We currently have a search that shows a timeline graph of daily SVC usage by index. 10 of these indexes are our highest for SVC usage. I would like to create an alert if the SVC usage for any of those indexes goes 25% higher or lower than the normal amount.
Example: index=test normally uses 100 to 140 SVC per day.
the alert will tell us when that index goes 25% over 140 or under 100.
We want the search to do this for at least our top 10 SVC usage indexes.
Our current timechart search is as follows:
index=svc_summary
| timechart limit=10 span=1d useother=f sum(svc_usage) by Indexes
You could do something like this to look across the avg svc usage for the last 30 days per index (you need to update the first few lines with your svc search) and then determine the avg svc and then filter if 25% above/below the avg:
| tstats count where index=_internal earliest=-30d@d latest=now by _time, host span=1d
| rename host AS index
| stats sum(count) as svc by index _time
``` 1. Build a baseline for every index - Replace these lines with your original SVC search```
```2. 30‑day avg per index```
| eventstats avg(svc) as avg_svc by index
```3. Keep only the last day (the day you are currently monitoring)```
| where _time >= relative_time(now(), "-1d")
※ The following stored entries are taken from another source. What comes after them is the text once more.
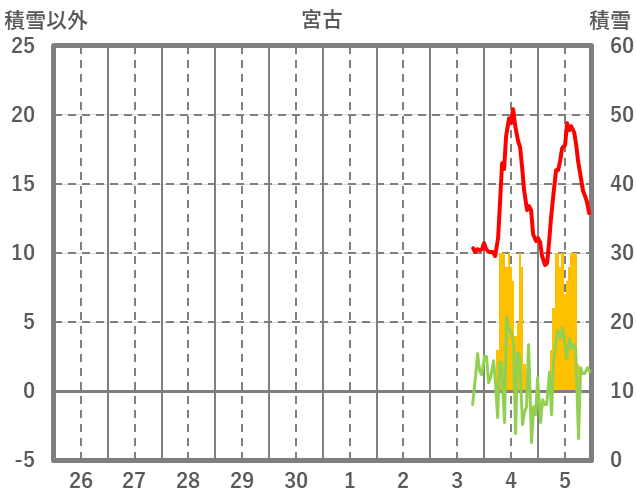 | 日 | 時 | 気温 | 降水 | 風向/風速 | 日照 | 積雪 | 降雪 |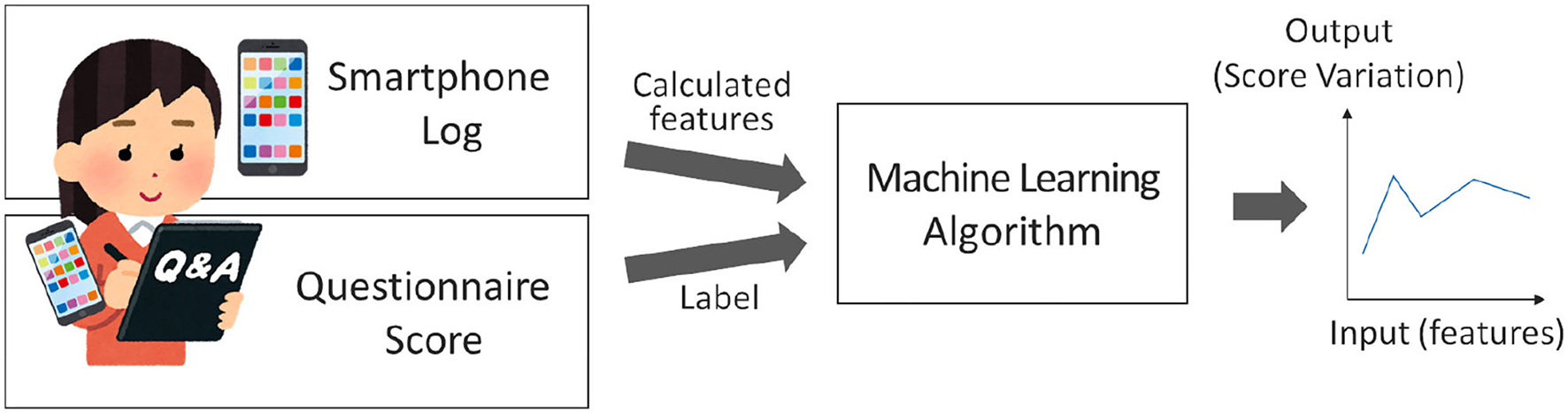 The outline of the model proposed in this study is shown in Figure 1. First, the experiment was conducted, and the participants responded to the questionnaires. During the experiment, a smartphone log collection application installed in the participants' smartphones continually collected smartphone logs. Scores were calculated from the answers to the questionnaire, and labeling was conducted. From the collected smartphone logs, features were constructed on a daily and weekly basis. Based on the set of labels and features, estimation models were constructed using the machine learning algorithm.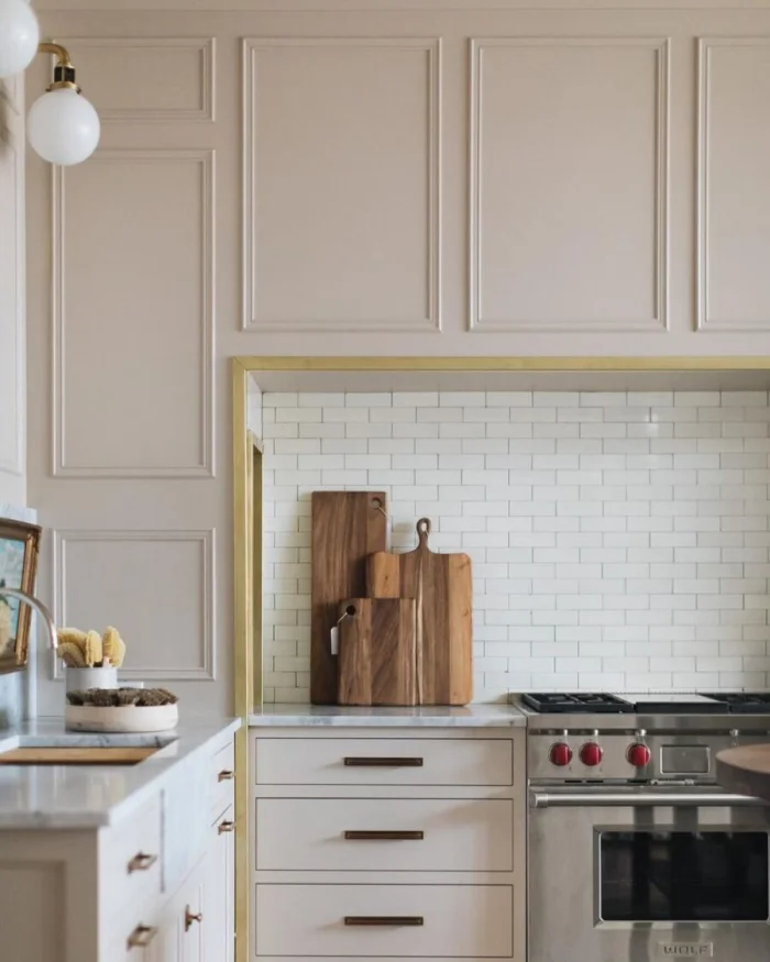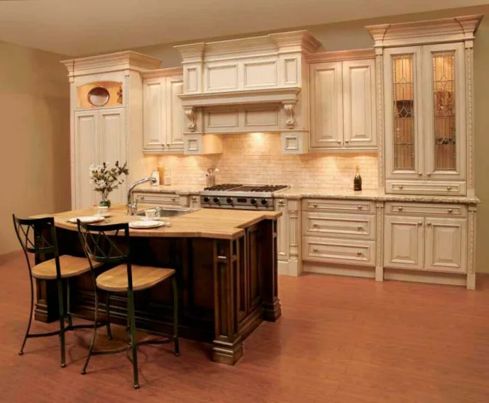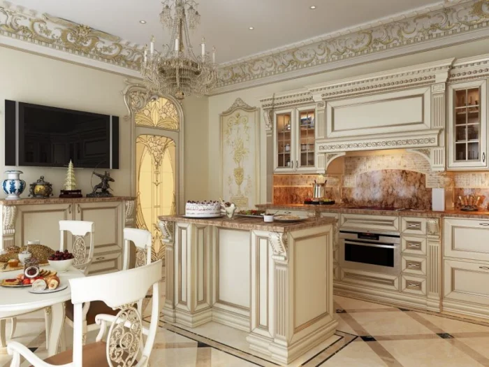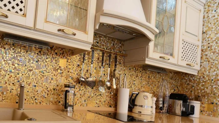 В классической кухне она может позволить себе больше: кованые элементы, позолота, медные акценты. Она уже не просто техника, а часть декора.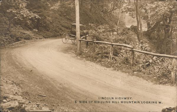 Front: LINCOLN HIGHWAY. E SIDE OF SIDELING HILL MOUNTAIN LOOKING W. Back: HERE O A AZO A NAME AND ADDRESS HERE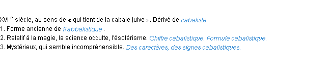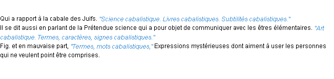 Ancienne signification issue du dico de l’Académie Française, parue en 1798.Merci à Fabien et Gérald pour la numérisation du mot cabalistique.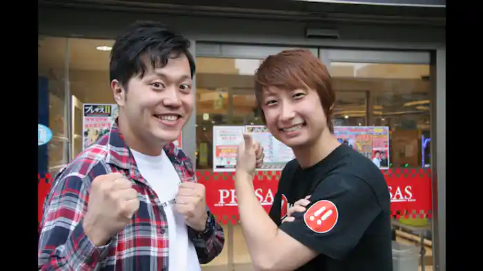 前回、ジャイロキャプテンとの勝負をドローに持ち込み無敗記録を伸ばしたエハラマサヒロ。今回の刺客は「パチンコ攻略マガジン」のライター・助六だ。「KYORAKU」Tシャツを着てやる気満々だ。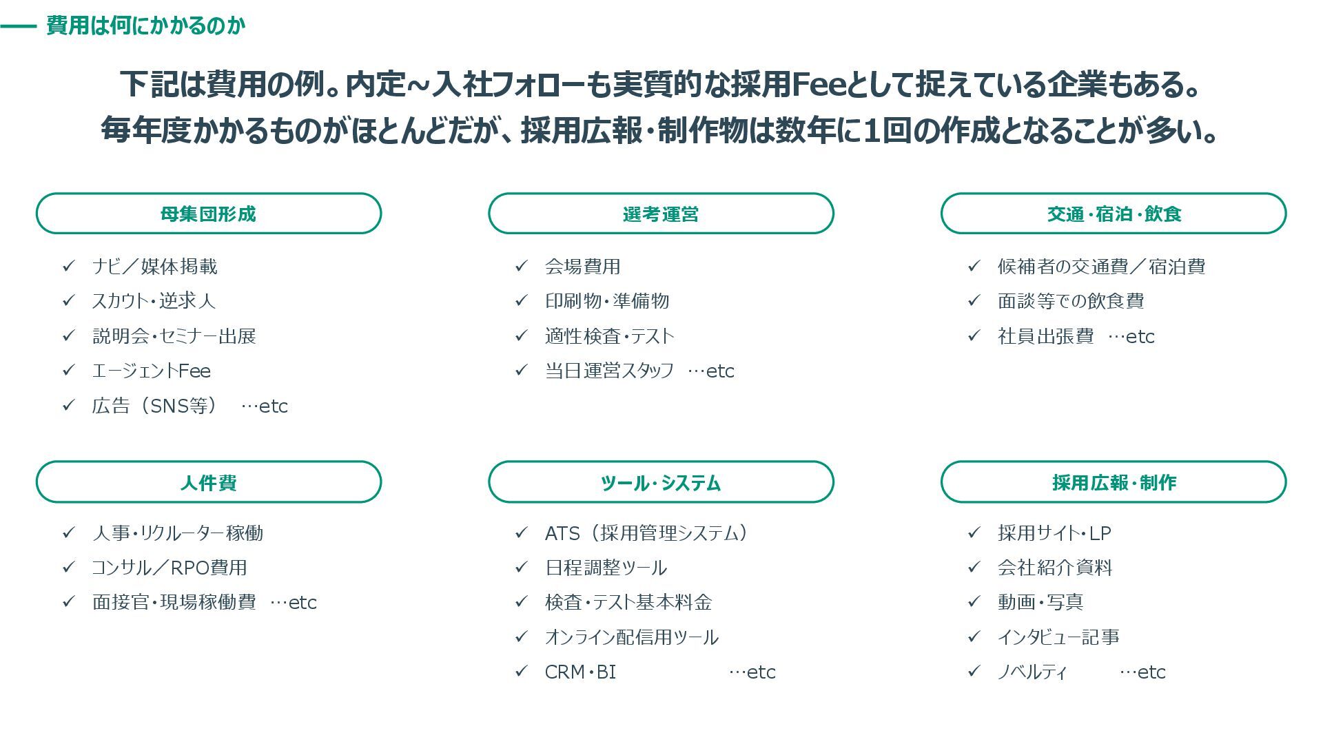 費用は何にかかるのか 下記は費用の例。内定~入社フォローも実質的な採用Feeとして捉えている企業もある。 毎年度かかるものがほとんどだが、採用広報・制作物は数年に1回の作成となることが多い。 母集団形成 選考運営 交通・宿泊・飲食 人件費 ツール・システム 採用広報・制作 ✓

```4. Thresholds – 25% above or below the 30‑day average```
| eval si_high = avg_svc * 1.25
| eval si_low = avg_svc * 0.75
```5. Find any day that is outside the band```
| where svc > si_high OR svc < si_low
```6. Show the top 10 indexes by daily usage (optional)```
| sort 0 -svc
| head 10
| table _time index svc avg_svc si_high si_low
🌟 Did this answer help you? If so, please consider:
Your feedback encourages the volunteers in this community to continue contributing
I tried to use what you provided with my data. I think it can work, but I am using a summary index and not the _internal index. Inside of that summary index, the actual indexes are named "Indexes" . I posted below my attempt to gel your search and my stuff together. Maybe you can help me now that you know this info
| tstats count where index=dg_app_summary NOT (Indexes="All*" OR Indexes="Undefined" OR Indexes="_*") earliest=-30d@d latest=now by _time, Indexes span=1d
| stats sum(count) as svc_usage by Indexes _time
``` 1. Build a baseline for every index - Replace these lines with your original SVC search```
| where Indexes=proxy OR Indexes=aws
```2. 30‑day avg per index```
| eventstats avg(svc_usage) as avg_svc by Indexes
```3. Keep only the last day (the day you are currently monitoring)```
| where _time >= relative_time(now(), "-1d")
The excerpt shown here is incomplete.